Cumhurbaşkanı Recep Tayyip Erdoğan, geçen aralık ayında Ankara Keçiören’de 4’üncü sınıf öğrencisi Tunahan Yılmaz’ın boş arazide köpeklerin saldırısına uğrayarak ağır yaralanmasının ardından, “Sokak köpeklerinin zarar verdiği insanların haklarını da koruma görevleri” olduğunu belirterek, bu sorunu çözüme kavuşturacaklarını açıklamıştı. Yerel seçimden sonra, mevcut yasanın yetersiz olduğu konuşuldu. Ancak köpeklerin öldürülmesine dair bir düzenleme yapılacağının gündeme gelmesiyle tepkiler arttı. AKP, mayıs ayı başında TBMM’ye getirmeyi tasarladığı teklif üzerinde çalışmaya devam etti. Temmuz ayında yeni teklif AKP’li vekillerin imzasıyla TBMM’ye sunuldu ve TBMM Tarım, Orman ve Köyişleri Komisyonu’na havale edildi.
2 – Yerel seçimden sonra gündeme gelmesi nasıl yorumlandı?
Teklifin, AKP’nin ilk kez ikinci parti olarak çıktığı, birçok belediyeyi kaybettiği 31 Mart yerel seçiminden sonra gündeme gelmesi, sokak köpeklerinin toplanması konusunda belediyelerin yetkili olması nedeniyle siyasi bir adım olarak değerlendirildi. CHP’li seçmenin düzenlemeye karşı olması, buna karşılık teklifin ve mevcut yasaların konuyla ilgili olarak belediyeleri görevlendirmesi, “AKP, CHP’yi zor durumda bırakmak istiyor” yorumlarına yol açtı. Belediyelerin yasayı uygulamaması durumunda İçişleri Bakanlığı’nın harekete geçebileceği de iddia edildi. Bununla birlikte, özellikle köpeklerin uyutulmasının pahalı bir işlem olması nedeniyle teklifin gündeme getirildiği, birilerine rant sağlanacağı iddiaları da muhalefet tarafından dillendirildi.
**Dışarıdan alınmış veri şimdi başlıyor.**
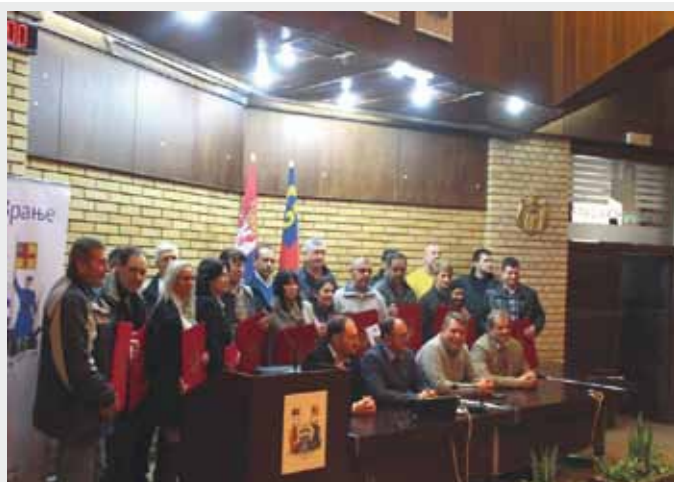
Награђени најбољи радници у јавном сектору
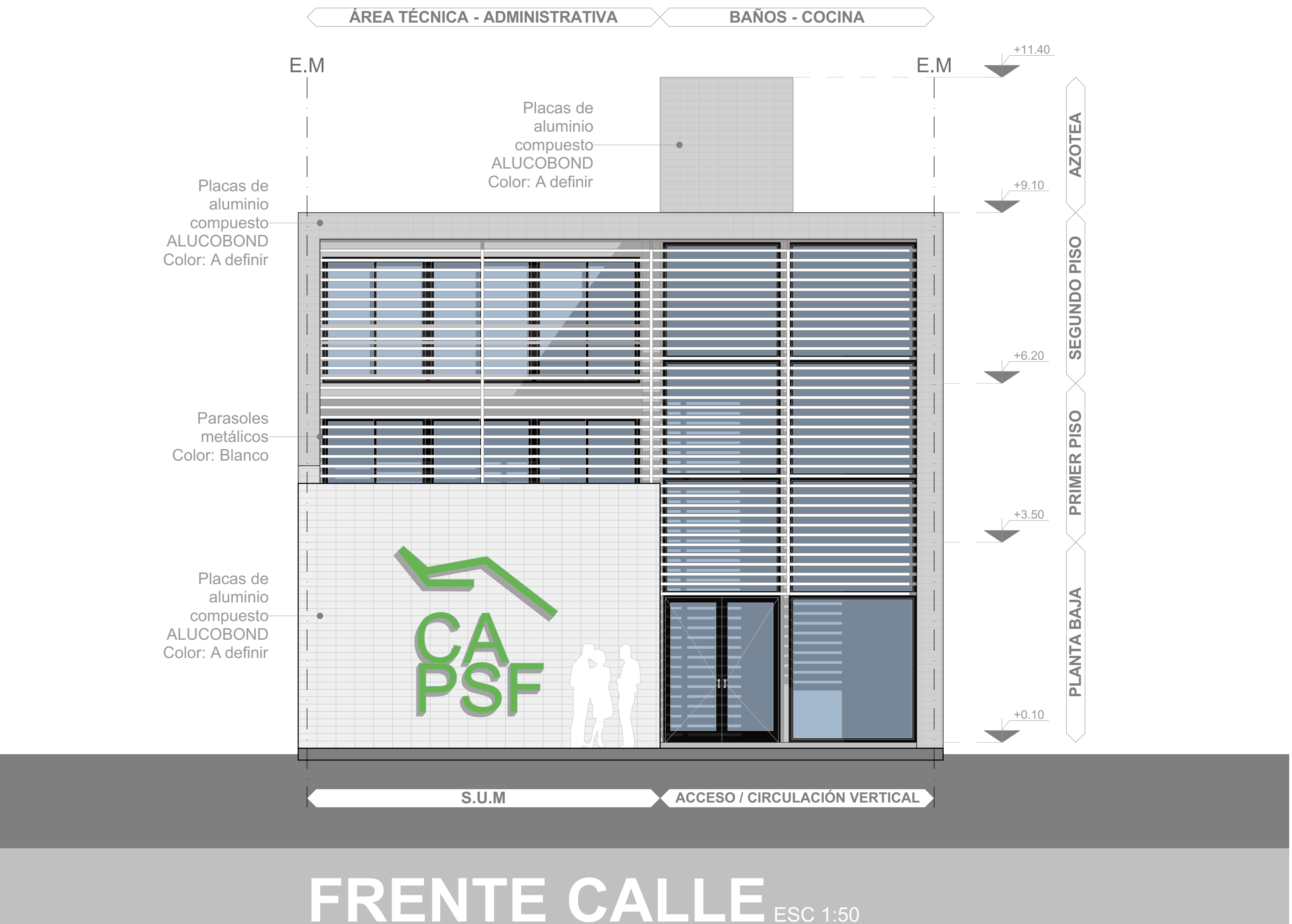
FRENTE CALLE ESC 1:50

EL TERRENO Se encuentra ubicado sobre la calle 1° de Mayo entre calle Fray Luis Beltrán y calle Remedios de Escalada, Sección B, Manzana 10, parcela 22, de la ciudad de Casilda y consta de las siguientes dimensiones : 10.66 m de frente al oeste por 23.70m de fondo. Dicha terreno cuenta con servicios de agua potable, red cloacal, red de gas natural y energía eléctrica.

3 – Teklif, neden “ötanazi düzenlemesi” olarak nitelendirildi?
AKP’nin TBMM’ye getirdiği teklifte, sokak köpeklerinin öldürülmesi seçeneği için, “ötanazi” kavramı kullanıldı. Mevcut bazı düzenlemelerde de hayvanların öldürülmesi konusunda bu ifade kullanılıyor. “Ötanazi”, aslında hasta kişilerin yaşamlarını kendi istekleriyle ve tıbbi müdahaleyle sonlandırılmasını istemeleri için kullanılan bir kavram. Bazı batı ülkeleri, vatandaşlarına belli kriterlerle ötanazi hakkı tanıyor. Hayvanların bu konuda karar verme yetisi bulunmadığı için teklifte bu kavramın kullanılması eleştirildi. Buna karşılık, teklif bu kavram kullanılarak komisyona havale edildi ve dolaylı olarak kullanılarak kabul edildi.
4 – Teklif, AKP tarafından nasıl gerekçelendirildi?
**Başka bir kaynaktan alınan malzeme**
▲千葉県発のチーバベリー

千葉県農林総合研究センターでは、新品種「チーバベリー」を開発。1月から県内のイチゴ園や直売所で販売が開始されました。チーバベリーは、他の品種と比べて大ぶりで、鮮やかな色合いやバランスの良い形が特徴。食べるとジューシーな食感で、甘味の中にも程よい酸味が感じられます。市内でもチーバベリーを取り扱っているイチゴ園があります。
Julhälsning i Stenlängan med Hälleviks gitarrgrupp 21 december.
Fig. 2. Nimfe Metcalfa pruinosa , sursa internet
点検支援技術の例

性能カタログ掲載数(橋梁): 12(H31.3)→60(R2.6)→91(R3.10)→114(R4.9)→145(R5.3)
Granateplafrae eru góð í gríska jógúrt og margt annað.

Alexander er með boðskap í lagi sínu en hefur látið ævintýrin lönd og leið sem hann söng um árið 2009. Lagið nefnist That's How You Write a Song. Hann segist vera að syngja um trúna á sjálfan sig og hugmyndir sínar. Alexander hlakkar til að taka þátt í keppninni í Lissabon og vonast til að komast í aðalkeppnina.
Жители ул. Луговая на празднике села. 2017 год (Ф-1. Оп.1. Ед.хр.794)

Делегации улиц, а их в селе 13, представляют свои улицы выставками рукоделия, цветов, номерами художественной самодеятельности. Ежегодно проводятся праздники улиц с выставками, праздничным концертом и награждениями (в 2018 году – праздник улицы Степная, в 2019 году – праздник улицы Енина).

AKP Kahramanmaraş Milletvekili Vahit Kirişci başkanlığında toplanan komisyonda konuşan teklife imza atan isimlerden Harun Mertoğlu, kanunların ihtiyaçtan doğduğunu, bu teklifle “Önce insan” dediklerini belirtti. Mevcut düzenlemelerin günümüzdeki ihtiyaçlara cevap vermediğinin anlaşıldığını vurgulayan Harun Mertoğlu, şöyle konuştu:
“Yaşanan olaylar, kanun değişikliğine gidilmesi gerektiğini ortaya koymuştur. ‘Hayvanları yakala, kısırlaştır, aşısını yap, tekrar sokaklara bırak’ anlayışı ihtiyaçlarımıza cevap vermemiş, onlarca insanımızın, çocuklarımızın ölmesine sebep olmuştur. Geldiğimiz bu noktada gerek AİHM kararları gerek Danıştay kararları sokaklarda yaşanan ve hayvanlardan kaynaklı meydana gelen trafik kazalarının sorumluluğunu idarelere vermiştir. Dolayısıyla sokaklar hayvanlar için bir yaşam alanı olamaz. Sokaklar değil hayvanlar için insanlar için bile güvenli bir yaşam alanı değildir. Sokaklarda açlık, susuzluk, bulaşıcı hastalıklar var. Sokaklar tekin değil.”
Teklifin gerekçe kısmında da benzer bir yaklaşım sergileniyor. Sokak köpeklerinin saldırıları sonucu yaşanan olayların istatistiklerine yer verilen gerekçede, mevcut yasanın “yakala-kısırlaştır-sal” ilkesini temel aldığı ancak bunun uygulanamadığı belirtiliyor. Batı ülkelerinden örneklere yer verilen gerekçede, teklifle yeni bir yöntem geliştirildiği savunuluyor.
5 – Teklif, hangi uygulamayı esas alıyor?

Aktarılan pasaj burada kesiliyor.